Alexandre Trilla, PhD - Data Scientist |

Blog

-- Thoughts on data analysis, software development and innovation management. Comments are welcome

Natural Language Processing: forthcoming online classes at Stanford, and a unified approach with Multilayer Neural Networks

22-Jan-2012

Needless to say, I was very eager to begin the nlp-class tomorrow. It's a pity that it has just been delayed for administrative reasons. But good things take time, so we'd better be patient 'cos this looks very good (45000 people expecting its launch, this is incredibly exciting). Having used Manning's and Jurafsky's masterpieces for years, it is now enthralling to have the chance to attend their classes, getting my hands dirty with the classical problems, techniques and the whole lot of details of statistical NLP.

But with time one gets to become a little agnostic with respect to the idealisation of some method for solving a particular problem. Let me elaborate on this. For instance, given a classification problem and a particular complexity for a discriminating function, does it really matter to learn the boundary with a Maximum Entropy principle (e.g., Logistic Regression), or with a Maximum Margin criterion (e.g., Support Vector Machine)? Will the optimised functions be much different? Assuming that the two classifiers are successfully trained (i.e., they are pertinently regularised, so no overfitting problems exist, and they are still complex enough for the problem at hand, so no underfitting either), my experience tells me that the particular learning philosophy/scheme (MaxEnt vs. Max-Margin) is reduced to a minimum. And this feeling (also supported by evidence) is shared with other researchers such as Alexander Osherenko (see our public discussion on the Corpora-List), and Ronan Collobert, who even developed a fully unified approach based on Multilayer Neural Networks (MNN) as the universal learners (*) to tackle a variety of typical NLP tasks, including Part-Of-Speech tagging, chunking, Named Entity Recognition and Semantic Role Labelling. In his own words: "it is often difficult to figure out which ideas are most responsible for the state-of-the-art performance of a large ensemble (of classifiers)". In this regard, in (Collobert, et al., 2011), see Remark 4 (Conditional Random Fields), it is also specifically noted how other techniques such as CRFs have been applied to the same NLP tasks with similar results. So there are plenty of choices to attain the same goals and the interest (IMO) comes down to discussing the one that could best fit in the situation/problem. To me this is synonymous with contributing to knowledge, although MNNs are generally regarded as black boxes that lack human interpretation. In fact, this is the seed of a critical discussion (Collobert, et al., 2011).

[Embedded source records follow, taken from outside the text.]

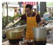
学生さんたちも大活躍
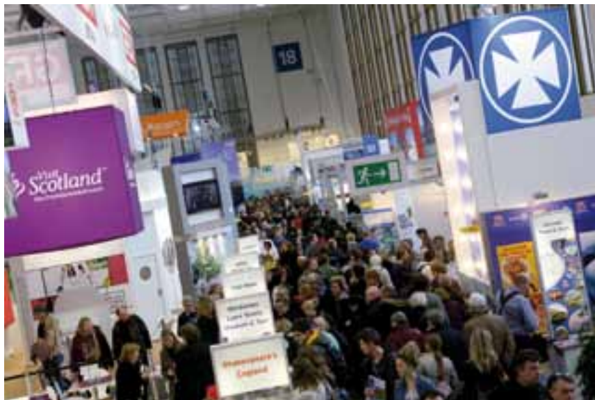
Vista general del pabellón 18

En esta ocasión el país invitado fue Indonesia, cuyo presidente, Susilo Bambang Yudhoyono, inauguró el evento junto a la canciller alemana Angela Merkel. Estuvieron presentes también representantes de la Organización Mundial del Turismo (OMT); la Pacific Asia Travel Association (PATA) y el World Travel & Tourism Council (WTTTC). Las Numerosas delegaciones presentes (más de 100 ministros y secretarios de estado acudieron este año a la feria) dan una idea de la importancia de ITB BERLIN como evento político y turístico en todo el mundo, un dato avalado por la presencia de 110.000 visitantes profesionales, de los que un muy notable 43% procedía de fuera de Alemania. Durante el fin de semana, más de 60.000 visitantes recibió el recinto ferial, y como novedad, pudieron reservar directamente en la feria.
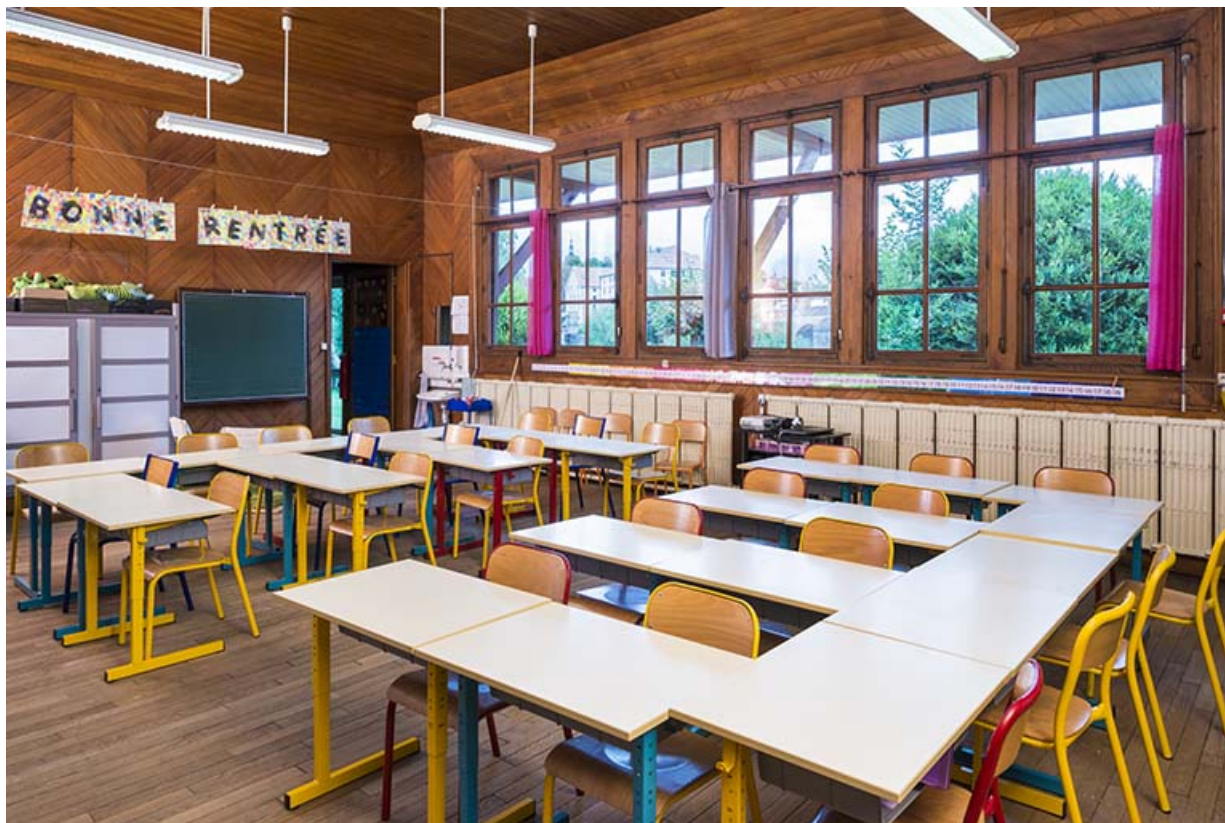
Salle de classe avec vue sur le pont. 70, Port-sur-Saône rue de Remaucourt
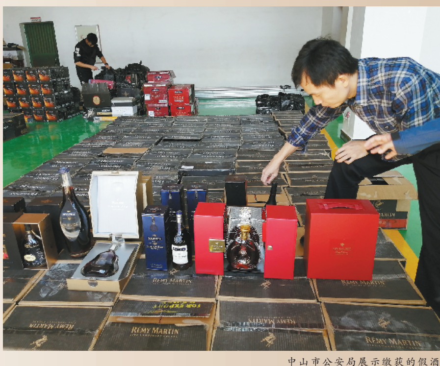
中山市公安局展示缴获的假酒

办案民警表示，通常造假酒者是从酒楼等渠道买入用过的空酒瓶和包装盒，再灌入假酒，因此通常包装看起来比较旧。但是，单凭目测消费者比较难分辨，建议消费者从正规渠道购买，以免上当受骗。
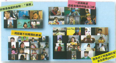
我們一起研究香蕉。

(*) The proposed generic neural network discovers useful features in large unlabelled datasets, which enable it to perform close to the state-of-the-art. This approach is presented in contrast to relying on a priori knowledge (e.g., domain heuristics). Task-specific engineering (i.e., that does not generalise to other tasks) is not desirable in this multiple task setting (Collobert, et al., 2011).

--
(Collobert, et al., 2011) Collobert, R., Weston, J., Bottou, L., Karlen, M., Kavukcuoglu, K. and Kuksa, P., "Natural Language Processing (Almost) from Scratch", Journal of Machine Learning Research, vol. 12, pp. 2493-2537, Aug 2011.